Requirement → Below are the records; restate all of them exactly.

Exercise inputs →
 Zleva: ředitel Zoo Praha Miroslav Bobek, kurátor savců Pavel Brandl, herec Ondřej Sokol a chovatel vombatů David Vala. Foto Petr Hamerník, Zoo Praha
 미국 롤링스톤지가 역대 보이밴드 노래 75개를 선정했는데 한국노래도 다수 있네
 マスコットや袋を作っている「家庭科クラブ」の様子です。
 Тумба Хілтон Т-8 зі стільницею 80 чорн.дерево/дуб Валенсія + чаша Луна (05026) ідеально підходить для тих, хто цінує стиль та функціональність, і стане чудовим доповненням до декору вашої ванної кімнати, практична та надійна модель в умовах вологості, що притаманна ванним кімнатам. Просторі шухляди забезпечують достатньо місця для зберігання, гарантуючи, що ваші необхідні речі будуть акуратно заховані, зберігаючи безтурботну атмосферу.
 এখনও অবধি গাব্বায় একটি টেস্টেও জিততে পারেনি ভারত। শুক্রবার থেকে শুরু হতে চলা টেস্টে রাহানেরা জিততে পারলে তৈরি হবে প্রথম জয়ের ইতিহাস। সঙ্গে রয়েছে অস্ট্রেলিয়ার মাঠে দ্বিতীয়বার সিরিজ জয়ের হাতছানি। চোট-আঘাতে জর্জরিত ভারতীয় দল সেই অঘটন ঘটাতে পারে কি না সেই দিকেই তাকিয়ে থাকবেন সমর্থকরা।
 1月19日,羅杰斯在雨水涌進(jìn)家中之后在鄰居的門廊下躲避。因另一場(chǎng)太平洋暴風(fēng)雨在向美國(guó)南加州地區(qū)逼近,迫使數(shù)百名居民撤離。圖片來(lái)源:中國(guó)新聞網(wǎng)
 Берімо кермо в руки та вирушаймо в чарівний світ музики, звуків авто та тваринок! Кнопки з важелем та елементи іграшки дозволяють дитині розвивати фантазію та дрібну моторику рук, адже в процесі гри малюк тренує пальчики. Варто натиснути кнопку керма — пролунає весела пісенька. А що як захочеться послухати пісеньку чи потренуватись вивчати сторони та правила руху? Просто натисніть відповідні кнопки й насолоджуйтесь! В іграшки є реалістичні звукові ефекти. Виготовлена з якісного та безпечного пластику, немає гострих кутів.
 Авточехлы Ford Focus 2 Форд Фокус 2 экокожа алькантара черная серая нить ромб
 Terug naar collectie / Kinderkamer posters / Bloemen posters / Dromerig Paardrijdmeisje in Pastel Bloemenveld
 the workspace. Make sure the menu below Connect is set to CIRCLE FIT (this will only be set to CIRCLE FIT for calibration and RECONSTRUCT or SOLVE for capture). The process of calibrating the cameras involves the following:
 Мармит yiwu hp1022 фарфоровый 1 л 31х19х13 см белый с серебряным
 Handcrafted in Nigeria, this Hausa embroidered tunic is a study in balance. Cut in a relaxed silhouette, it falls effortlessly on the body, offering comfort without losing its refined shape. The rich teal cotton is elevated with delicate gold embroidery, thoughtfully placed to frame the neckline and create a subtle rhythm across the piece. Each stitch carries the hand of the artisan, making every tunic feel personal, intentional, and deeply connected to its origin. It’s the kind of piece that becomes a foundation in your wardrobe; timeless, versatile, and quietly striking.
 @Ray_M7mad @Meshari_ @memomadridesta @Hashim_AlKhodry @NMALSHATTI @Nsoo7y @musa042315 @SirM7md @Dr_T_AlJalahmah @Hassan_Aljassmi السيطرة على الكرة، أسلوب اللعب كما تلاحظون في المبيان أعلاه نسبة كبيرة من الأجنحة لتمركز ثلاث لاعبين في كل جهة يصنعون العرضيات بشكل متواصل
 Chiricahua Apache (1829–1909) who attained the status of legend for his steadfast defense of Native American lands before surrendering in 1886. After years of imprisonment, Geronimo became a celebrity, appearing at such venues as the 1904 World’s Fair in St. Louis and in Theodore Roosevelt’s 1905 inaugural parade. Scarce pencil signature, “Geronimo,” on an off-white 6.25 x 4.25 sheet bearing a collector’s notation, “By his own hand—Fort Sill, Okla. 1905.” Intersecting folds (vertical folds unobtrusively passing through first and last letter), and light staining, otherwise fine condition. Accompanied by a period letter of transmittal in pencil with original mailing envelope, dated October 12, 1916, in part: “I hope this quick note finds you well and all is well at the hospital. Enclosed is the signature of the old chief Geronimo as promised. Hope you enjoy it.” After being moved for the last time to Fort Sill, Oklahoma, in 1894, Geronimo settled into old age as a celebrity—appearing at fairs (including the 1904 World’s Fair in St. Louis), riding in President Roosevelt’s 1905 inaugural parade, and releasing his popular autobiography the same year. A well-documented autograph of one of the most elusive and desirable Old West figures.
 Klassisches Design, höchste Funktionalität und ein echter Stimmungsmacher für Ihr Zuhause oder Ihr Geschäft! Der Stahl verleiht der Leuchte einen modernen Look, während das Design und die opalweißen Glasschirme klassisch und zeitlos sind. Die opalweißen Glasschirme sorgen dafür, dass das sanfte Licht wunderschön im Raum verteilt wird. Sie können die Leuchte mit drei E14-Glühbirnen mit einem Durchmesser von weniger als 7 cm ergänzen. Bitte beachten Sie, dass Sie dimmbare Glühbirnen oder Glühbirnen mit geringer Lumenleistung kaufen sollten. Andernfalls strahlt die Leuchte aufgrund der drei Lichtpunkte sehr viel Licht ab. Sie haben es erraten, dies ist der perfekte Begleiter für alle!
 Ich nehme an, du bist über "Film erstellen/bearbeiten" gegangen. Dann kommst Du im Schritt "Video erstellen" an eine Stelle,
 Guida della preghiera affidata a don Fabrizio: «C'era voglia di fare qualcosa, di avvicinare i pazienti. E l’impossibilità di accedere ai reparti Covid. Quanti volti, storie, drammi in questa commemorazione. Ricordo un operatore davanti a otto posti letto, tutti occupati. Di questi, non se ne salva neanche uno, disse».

Exercise answer →
 Zleva: ředitel Zoo Praha Miroslav Bobek, kurátor savců Pavel Brandl, herec Ondřej Sokol a chovatel vombatů David Vala. Foto Petr Hamerník, Zoo Praha
 미국 롤링스톤지가 역대 보이밴드 노래 75개를 선정했는데 한국노래도 다수 있네
 マスコットや袋を作っている「家庭科クラブ」の様子です。
 Тумба Хілтон Т-8 зі стільницею 80 чорн.дерево/дуб Валенсія + чаша Луна (05026) ідеально підходить для тих, хто цінує стиль та функціональність, і стане чудовим доповненням до декору вашої ванної кімнати, практична та надійна модель в умовах вологості, що притаманна ванним кімнатам. Просторі шухляди забезпечують достатньо місця для зберігання, гарантуючи, що ваші необхідні речі будуть акуратно заховані, зберігаючи безтурботну атмосферу.
 এখনও অবধি গাব্বায় একটি টেস্টেও জিততে পারেনি ভারত। শুক্রবার থেকে শুরু হতে চলা টেস্টে রাহানেরা জিততে পারলে তৈরি হবে প্রথম জয়ের ইতিহাস। সঙ্গে রয়েছে অস্ট্রেলিয়ার মাঠে দ্বিতীয়বার সিরিজ জয়ের হাতছানি। চোট-আঘাতে জর্জরিত ভারতীয় দল সেই অঘটন ঘটাতে পারে কি না সেই দিকেই তাকিয়ে থাকবেন সমর্থকরা।
 1月19日,羅杰斯在雨水涌進(jìn)家中之后在鄰居的門廊下躲避。因另一場(chǎng)太平洋暴風(fēng)雨在向美國(guó)南加州地區(qū)逼近,迫使數(shù)百名居民撤離。圖片來(lái)源:中國(guó)新聞網(wǎng)
 Берімо кермо в руки та вирушаймо в чарівний світ музики, звуків авто та тваринок! Кнопки з важелем та елементи іграшки дозволяють дитині розвивати фантазію та дрібну моторику рук, адже в процесі гри малюк тренує пальчики. Варто натиснути кнопку керма — пролунає весела пісенька. А що як захочеться послухати пісеньку чи потренуватись вивчати сторони та правила руху? Просто натисніть відповідні кнопки й насолоджуйтесь! В іграшки є реалістичні звукові ефекти. Виготовлена з якісного та безпечного пластику, немає гострих кутів.
 Авточехлы Ford Focus 2 Форд Фокус 2 экокожа алькантара черная серая нить ромб
 Terug naar collectie / Kinderkamer posters / Bloemen posters / Dromerig Paardrijdmeisje in Pastel Bloemenveld
 the workspace. Make sure the menu below Connect is set to CIRCLE FIT (this will only be set to CIRCLE FIT for calibration and RECONSTRUCT or SOLVE for capture). The process of calibrating the cameras involves the following:
 Мармит yiwu hp1022 фарфоровый 1 л 31х19х13 см белый с серебряным
 Handcrafted in Nigeria, this Hausa embroidered tunic is a study in balance. Cut in a relaxed silhouette, it falls effortlessly on the body, offering comfort without losing its refined shape. The rich teal cotton is elevated with delicate gold embroidery, thoughtfully placed to frame the neckline and create a subtle rhythm across the piece. Each stitch carries the hand of the artisan, making every tunic feel personal, intentional, and deeply connected to its origin. It’s the kind of piece that becomes a foundation in your wardrobe; timeless, versatile, and quietly striking.
 @Ray_M7mad @Meshari_ @memomadridesta @Hashim_AlKhodry @NMALSHATTI @Nsoo7y @musa042315 @SirM7md @Dr_T_AlJalahmah @Hassan_Aljassmi السيطرة على الكرة، أسلوب اللعب كما تلاحظون في المبيان أعلاه نسبة كبيرة من الأجنحة لتمركز ثلاث لاعبين في كل جهة يصنعون العرضيات بشكل متواصل
 Chiricahua Apache (1829–1909) who attained the status of legend for his steadfast defense of Native American lands before surrendering in 1886. After years of imprisonment, Geronimo became a celebrity, appearing at such venues as the 1904 World’s Fair in St. Louis and in Theodore Roosevelt’s 1905 inaugural parade. Scarce pencil signature, “Geronimo,” on an off-white 6.25 x 4.25 sheet bearing a collector’s notation, “By his own hand—Fort Sill, Okla. 1905.” Intersecting folds (vertical folds unobtrusively passing through first and last letter), and light staining, otherwise fine condition. Accompanied by a period letter of transmittal in pencil with original mailing envelope, dated October 12, 1916, in part: “I hope this quick note finds you well and all is well at the hospital. Enclosed is the signature of the old chief Geronimo as promised. Hope you enjoy it.” After being moved for the last time to Fort Sill, Oklahoma, in 1894, Geronimo settled into old age as a celebrity—appearing at fairs (including the 1904 World’s Fair in St. Louis), riding in President Roosevelt’s 1905 inaugural parade, and releasing his popular autobiography the same year. A well-documented autograph of one of the most elusive and desirable Old West figures.
 Klassisches Design, höchste Funktionalität und ein echter Stimmungsmacher für Ihr Zuhause oder Ihr Geschäft! Der Stahl verleiht der Leuchte einen modernen Look, während das Design und die opalweißen Glasschirme klassisch und zeitlos sind. Die opalweißen Glasschirme sorgen dafür, dass das sanfte Licht wunderschön im Raum verteilt wird. Sie können die Leuchte mit drei E14-Glühbirnen mit einem Durchmesser von weniger als 7 cm ergänzen. Bitte beachten Sie, dass Sie dimmbare Glühbirnen oder Glühbirnen mit geringer Lumenleistung kaufen sollten. Andernfalls strahlt die Leuchte aufgrund der drei Lichtpunkte sehr viel Licht ab. Sie haben es erraten, dies ist der perfekte Begleiter für alle!
 Ich nehme an, du bist über "Film erstellen/bearbeiten" gegangen. Dann kommst Du im Schritt "Video erstellen" an eine Stelle,
 Guida della preghiera affidata a don Fabrizio: «C'era voglia di fare qualcosa, di avvicinare i pazienti. E l’impossibilità di accedere ai reparti Covid. Quanti volti, storie, drammi in questa commemorazione. Ricordo un operatore davanti a otto posti letto, tutti occupati. Di questi, non se ne salva neanche uno, disse».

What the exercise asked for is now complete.